## Problem statement
The answer must be an exact copy of the entries below, with no images in it.

## Input data
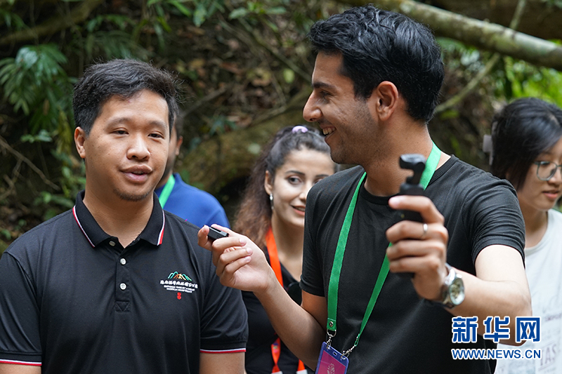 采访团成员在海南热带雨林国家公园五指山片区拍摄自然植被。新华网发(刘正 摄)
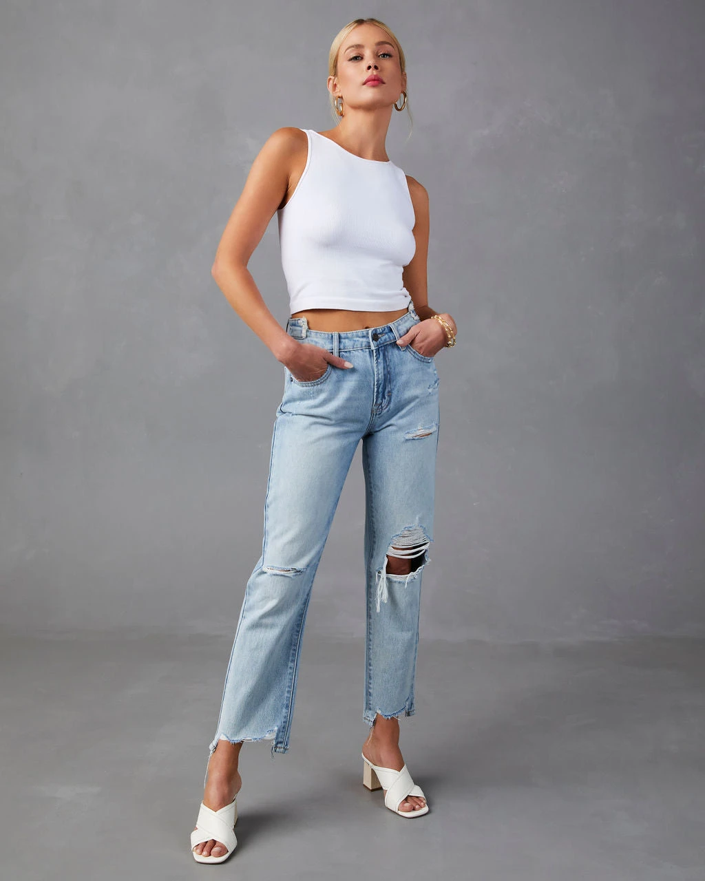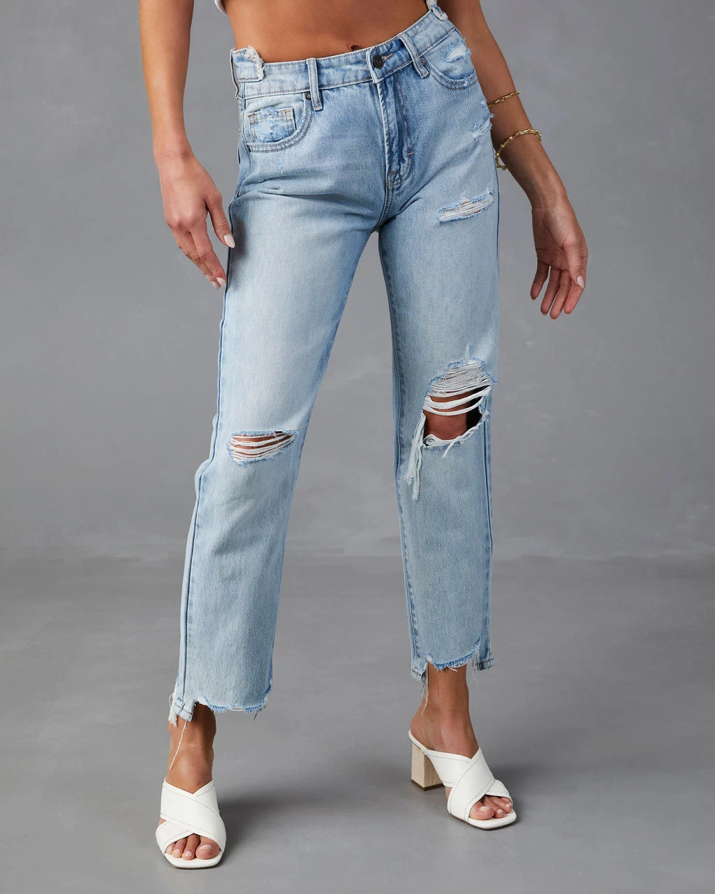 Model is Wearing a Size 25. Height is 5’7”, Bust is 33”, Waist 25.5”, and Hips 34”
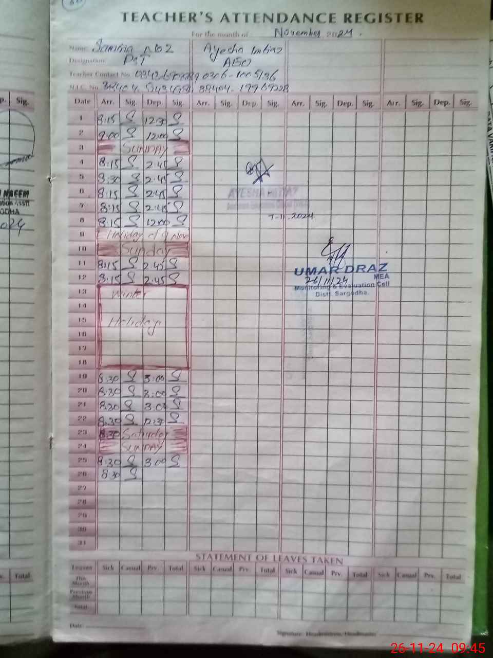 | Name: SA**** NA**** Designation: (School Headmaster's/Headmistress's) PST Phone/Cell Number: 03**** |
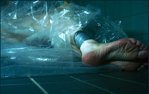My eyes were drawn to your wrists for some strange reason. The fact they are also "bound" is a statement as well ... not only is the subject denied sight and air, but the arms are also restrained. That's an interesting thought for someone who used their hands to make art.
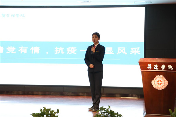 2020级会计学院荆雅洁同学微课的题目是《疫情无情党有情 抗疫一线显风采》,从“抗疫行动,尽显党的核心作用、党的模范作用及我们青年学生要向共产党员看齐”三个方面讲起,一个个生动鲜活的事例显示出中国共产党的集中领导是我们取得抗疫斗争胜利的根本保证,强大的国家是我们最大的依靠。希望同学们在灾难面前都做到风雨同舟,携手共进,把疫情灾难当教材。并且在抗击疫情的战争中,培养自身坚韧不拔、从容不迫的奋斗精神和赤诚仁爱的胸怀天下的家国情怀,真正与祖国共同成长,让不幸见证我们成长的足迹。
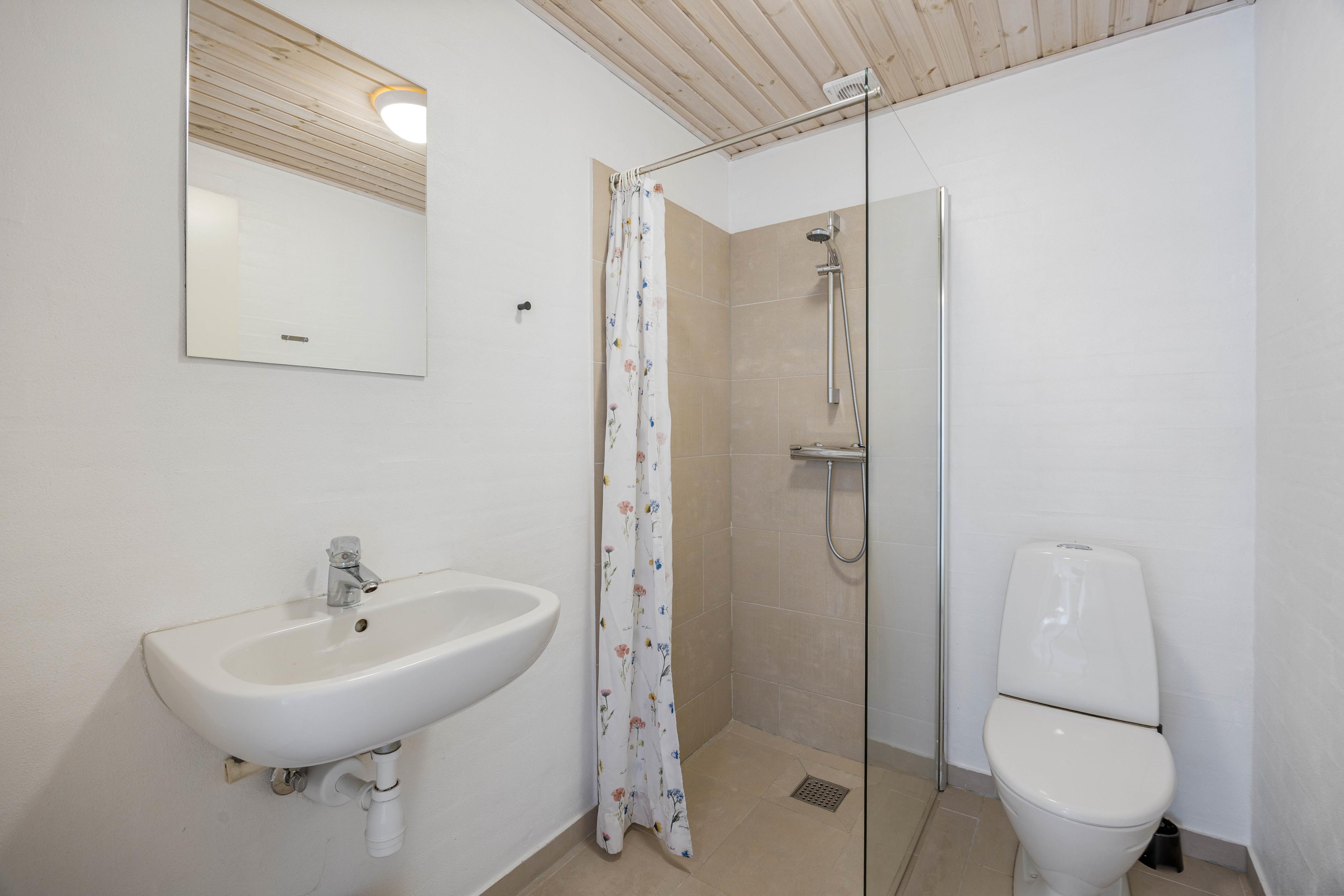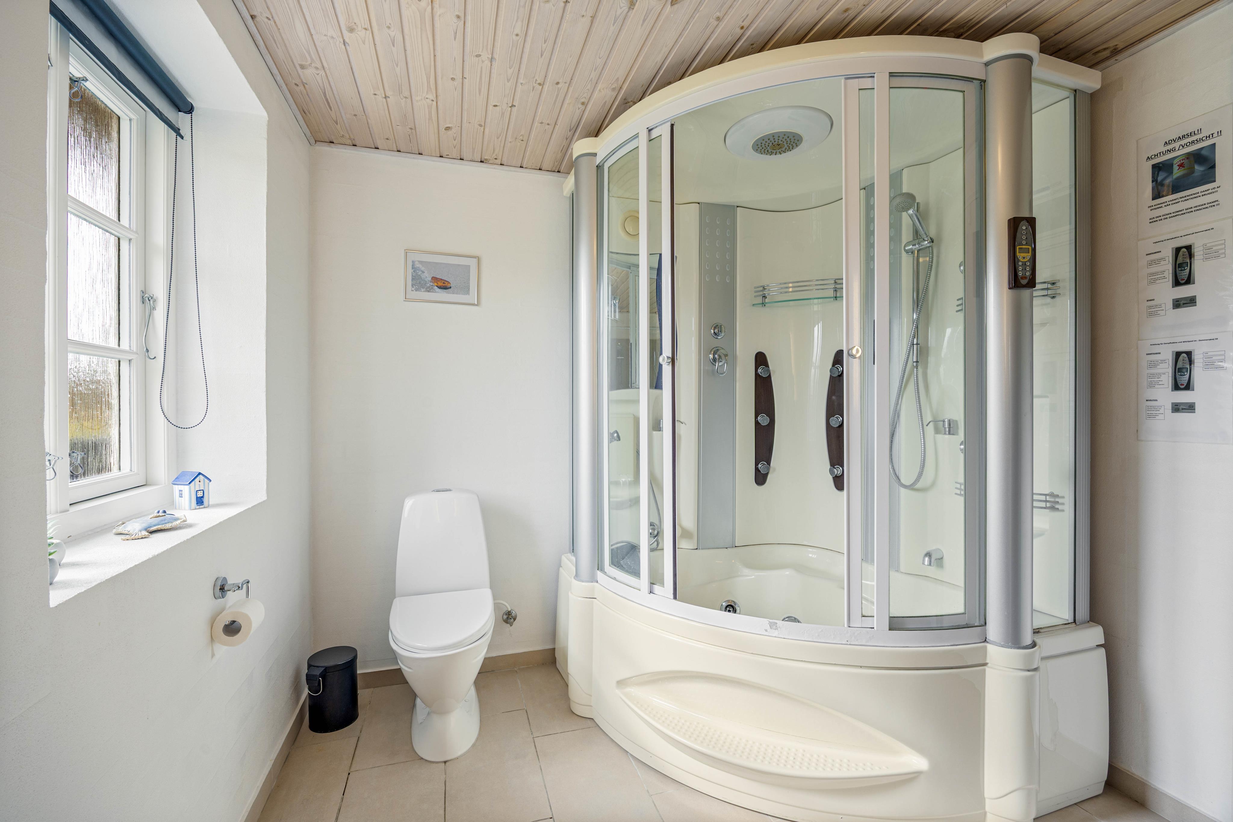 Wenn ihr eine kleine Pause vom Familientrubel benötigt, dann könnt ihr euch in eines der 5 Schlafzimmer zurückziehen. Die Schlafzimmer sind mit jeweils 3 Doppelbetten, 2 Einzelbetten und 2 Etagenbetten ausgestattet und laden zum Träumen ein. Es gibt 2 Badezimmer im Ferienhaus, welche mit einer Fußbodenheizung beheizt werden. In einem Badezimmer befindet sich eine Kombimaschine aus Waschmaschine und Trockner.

## Result for this task
 采访团成员在海南热带雨林国家公园五指山片区拍摄自然植被。新华网发(刘正 摄)
 Model is Wearing a Size 25. Height is 5’7”, Bust is 33”, Waist 25.5”, and Hips 34”
 | Name: SA**** NA**** Designation: (School Headmaster's/Headmistress's) PST Phone/Cell Number: 03**** |
My eyes were drawn to your wrists for some strange reason. The fact they are also "bound" is a statement as well ... not only is the subject denied sight and air, but the arms are also restrained. That's an interesting thought for someone who used their hands to make art.
 2020级会计学院荆雅洁同学微课的题目是《疫情无情党有情 抗疫一线显风采》,从“抗疫行动,尽显党的核心作用、党的模范作用及我们青年学生要向共产党员看齐”三个方面讲起,一个个生动鲜活的事例显示出中国共产党的集中领导是我们取得抗疫斗争胜利的根本保证,强大的国家是我们最大的依靠。希望同学们在灾难面前都做到风雨同舟,携手共进,把疫情灾难当教材。并且在抗击疫情的战争中,培养自身坚韧不拔、从容不迫的奋斗精神和赤诚仁爱的胸怀天下的家国情怀,真正与祖国共同成长,让不幸见证我们成长的足迹。
 Wenn ihr eine kleine Pause vom Familientrubel benötigt, dann könnt ihr euch in eines der 5 Schlafzimmer zurückziehen. Die Schlafzimmer sind mit jeweils 3 Doppelbetten, 2 Einzelbetten und 2 Etagenbetten ausgestattet und laden zum Träumen ein. Es gibt 2 Badezimmer im Ferienhaus, welche mit einer Fußbodenheizung beheizt werden. In einem Badezimmer befindet sich eine Kombimaschine aus Waschmaschine und Trockner.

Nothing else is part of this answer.